CORRECTION: no! for time series, use just the end

yes but we need to use the same seed. if we don't use the same seed / keep the data in the validation vs. training set, we'll train on it and will essentially memorize the validation set

✅ What is overfitting? Provide an example.

i could draw it out but basically; we pick up on things that are too specific in the training set vs. gaining genrealizable things. basically we learn how to recognize the exact examples in validation set vs. things beyond it; we "memorize" the examples instead of the patterns

✅ What is a metric? How does it differ from "loss"?

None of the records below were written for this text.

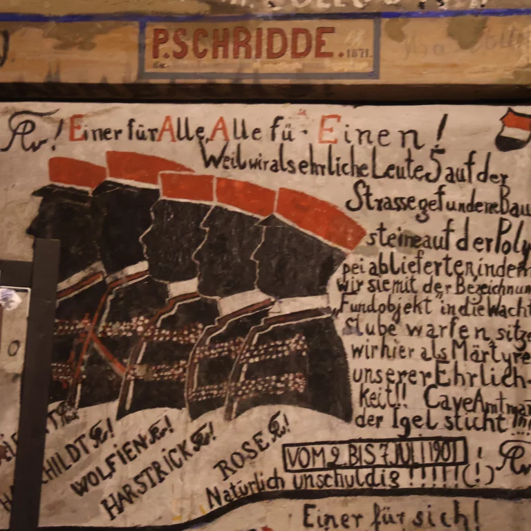 Une punition ? Pas vraiment, car ces jeunes messieurs ont mis un point d'honneur à y passer quelques jours. Ils se faisaient d’ailleurs livrer leurs repas, pouvaient sortir assister aux cours avant d’y retourner et d’immortaliser leurs délits triviaux sur les murs : comme faire sortir le cochon de la cour d’un voisin, se battre en duel, faire du tapage nocturne ou encore se baigner nus dans la fontaine du marché. Les murs du cachot se lisent comme un livre d’images!
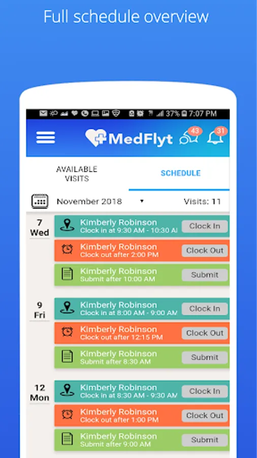 Medflyt app connects caregivers with home care providers and manages everything you need to succeed as a caregiver.
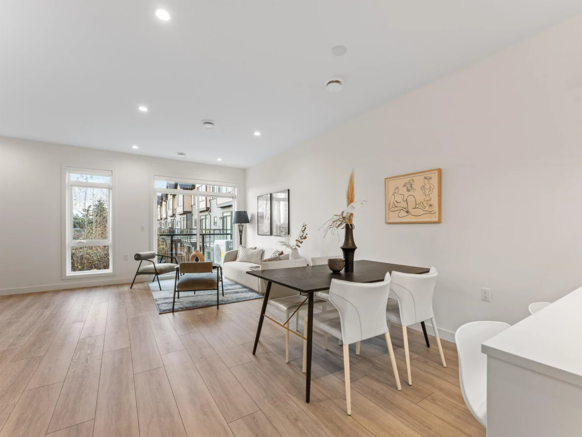 Take advantage of the GST rebate offered to First Time Home Buyers. 5% deposit! FINAL PHASE @PARC THOMPSON.38 beautifully crafted Townhomes by DAVA. Early spring move in. Well designed interior with MANY UPGRADES. ALL NEW HEAT PUMP / AC. Sleek fixtures for bathroom & kitchen. MASTER CLOSET ORGANIZER WITH AUTO LIGHTS. Spacious private yard. Across from park and Dyke. Perfect for morning or evening walks. All levels of shopping.Starlight casino, Walmart Power Center, Costco business and more. Easy transit to 22nd skytrain. Lock in your value $$ and TRY YOUR OFFER. Display unit #13. Open house Sat & Sun 2-4pm. Call before coming.
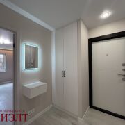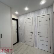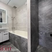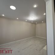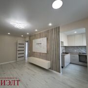 В квартире новый ремонт, никто не жил: напольное покрытие - ламинат (на стяжке), стены - выровнены обои/стеновые панели, потолок - натяжной, новая электрика и сантехника, много сценариев освещения.
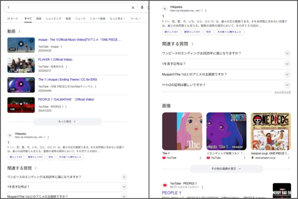 コピペミスで検索したけど「1」の検索結果がこんなに変わってた。画像にワンピース1巻がきているのも興味深い。#金曜日のネタ帳 pic.twitter.com/zWmVM2VDgB

loss is usually stochastic gradient descent; things that are good for automatically updating weights

metrics are for human consumption

✅ How can pretrained models help?

they are mostly trained and work on relevant examples!

lots of tasks are the same across many examples, and allows us to use smaller training sets to finetune

✅ What is the "head" of a model?

last layer that is added for classification in the dataset

✅ What kinds of features do the early layers of a CNN find? How about the later layers?

usually the most general; edges, corners, etc

later layers are way more complex

✅ Are image models only useful for photos?

nope! can make other things into images, like audio waveforms and stuff

✅ What is an "architecture"?

NIT: structure

the configuration of the neural network; i.e. the number of layers, how densely connected they are

✅ What is segmentation?

models that can recognize the content of every individual pixel in an image

✅ What is y_range used for? When do we need it?

the possible range for our target

used for tabular tasks, when we are using a regression model

✅ What are "hyperparameters"?

"parameters about the parameters" - i.e. number of layers, number of weights, etc

❌ What's the best way to avoid failures when using AI in an organization

use a test set!

NIT: simple baseline metric to beat!